# Assignment
Exactly as written, transcribe the data from its opening line through the line containing "The transversely satinized". Leave every picture out.

# Dataset extract
——
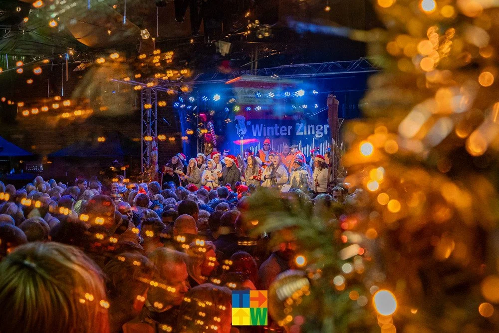 De Stadhuisstraat in Tilburg vormde zaterdag 16 december het decor van een bijzonder warm en sfeervol meezingfestijn tijdens Tilburg Winter Zingt, onderdeel van Winter in Tilburg. Wat begon als een winterse muzikale ontmoeting groeide uit tot een zeer geslaagd evenement vol samenzang, lichtjes en verbondenheid. Honderden sfeerzoekende zangliefhebbers vonden hun weg naar de binnenstad om samen de kou te trotseren en zich onder te dompelen in pure kerstmagie. De straat was omgetoverd tot een winters tafereel waar menig kerstfilm jaloers op zou zijn. Ttwinkelende lichtjes, rijkelijk versierde kerstbomen en knisperende vuurkorven zorgden voor een warme gloed. De geur van glühwijn, warme chocolademelk en dampende soep maakte het plaatje compleet en nodigde bezoekers uit om langer te blijven hangen. De hele avond stonden verschillende koren klaar om het publiek mee te nemen in bekende en geliefde kerstklassiekers. Van ingetogen winterliederen tot uitbundige meezingers: de samenzang klonk luid en hartverwarmend door de Stadhuisstraat. De enthousiaste invalpresentator Kenneth Verhoeven praatte de avond soepel aan elkaar en maakte er met de koren op het podium een groot feest van. Dankzij de inzet van Stichting Tilburg Zingt en de steun van het ondernemersfonds werd opnieuw bewezen hoe krachtig muziek kan zijn in het samenbrengen van mensen. Tilburg Winter Zingt was wederom een moment van samen genieten, zingen en verbinden. Een avond om met een warm gevoel op terug te kijken en die smaakt naar meer.
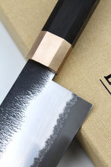 The transversely satinized tin bronze forms the core between the San Mai 3LN blade and the East Style Octagonal handle designed as a real ferrule.
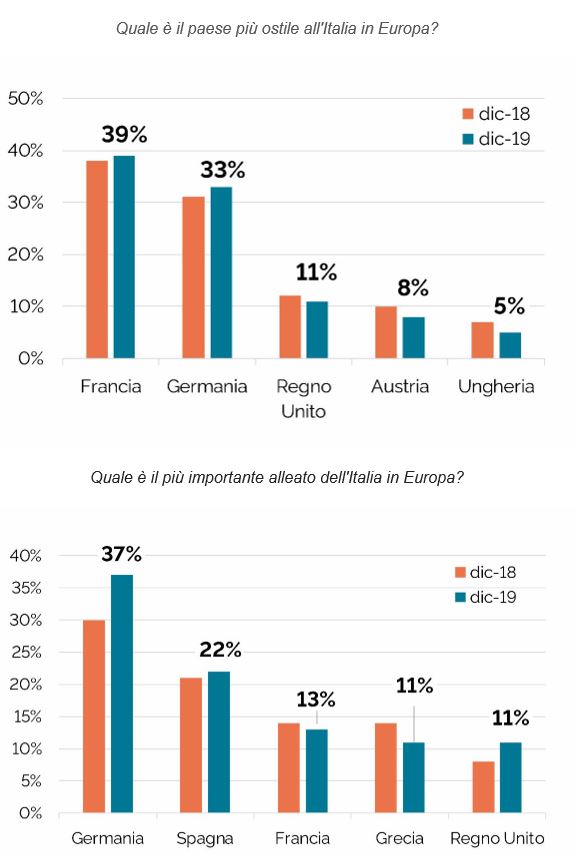 Come già lo scorso anno è la Francia del Presidente Macron ad essere percepita (da poco meno del 40%) come il principale avversario dell’Italia in Europa. Da segnalare negli ultimi due anni il passaggio di testimone rispetto alla Germania (oggi seconda al 33%). Seguono, a grande distanza, il Regno Unito (11%) e l’Austria (8%).
——
# Response to this task
 De Stadhuisstraat in Tilburg vormde zaterdag 16 december het decor van een bijzonder warm en sfeervol meezingfestijn tijdens Tilburg Winter Zingt, onderdeel van Winter in Tilburg. Wat begon als een winterse muzikale ontmoeting groeide uit tot een zeer geslaagd evenement vol samenzang, lichtjes en verbondenheid. Honderden sfeerzoekende zangliefhebbers vonden hun weg naar de binnenstad om samen de kou te trotseren en zich onder te dompelen in pure kerstmagie. De straat was omgetoverd tot een winters tafereel waar menig kerstfilm jaloers op zou zijn. Ttwinkelende lichtjes, rijkelijk versierde kerstbomen en knisperende vuurkorven zorgden voor een warme gloed. De geur van glühwijn, warme chocolademelk en dampende soep maakte het plaatje compleet en nodigde bezoekers uit om langer te blijven hangen. De hele avond stonden verschillende koren klaar om het publiek mee te nemen in bekende en geliefde kerstklassiekers. Van ingetogen winterliederen tot uitbundige meezingers: de samenzang klonk luid en hartverwarmend door de Stadhuisstraat. De enthousiaste invalpresentator Kenneth Verhoeven praatte de avond soepel aan elkaar en maakte er met de koren op het podium een groot feest van. Dankzij de inzet van Stichting Tilburg Zingt en de steun van het ondernemersfonds werd opnieuw bewezen hoe krachtig muziek kan zijn in het samenbrengen van mensen. Tilburg Winter Zingt was wederom een moment van samen genieten, zingen en verbinden. Een avond om met een warm gevoel op terug te kijken en die smaakt naar meer.
 The transversely satinized tin bronze forms the core between the San Mai 3LN blade and the East Style Octagonal handle designed as a real ferrule.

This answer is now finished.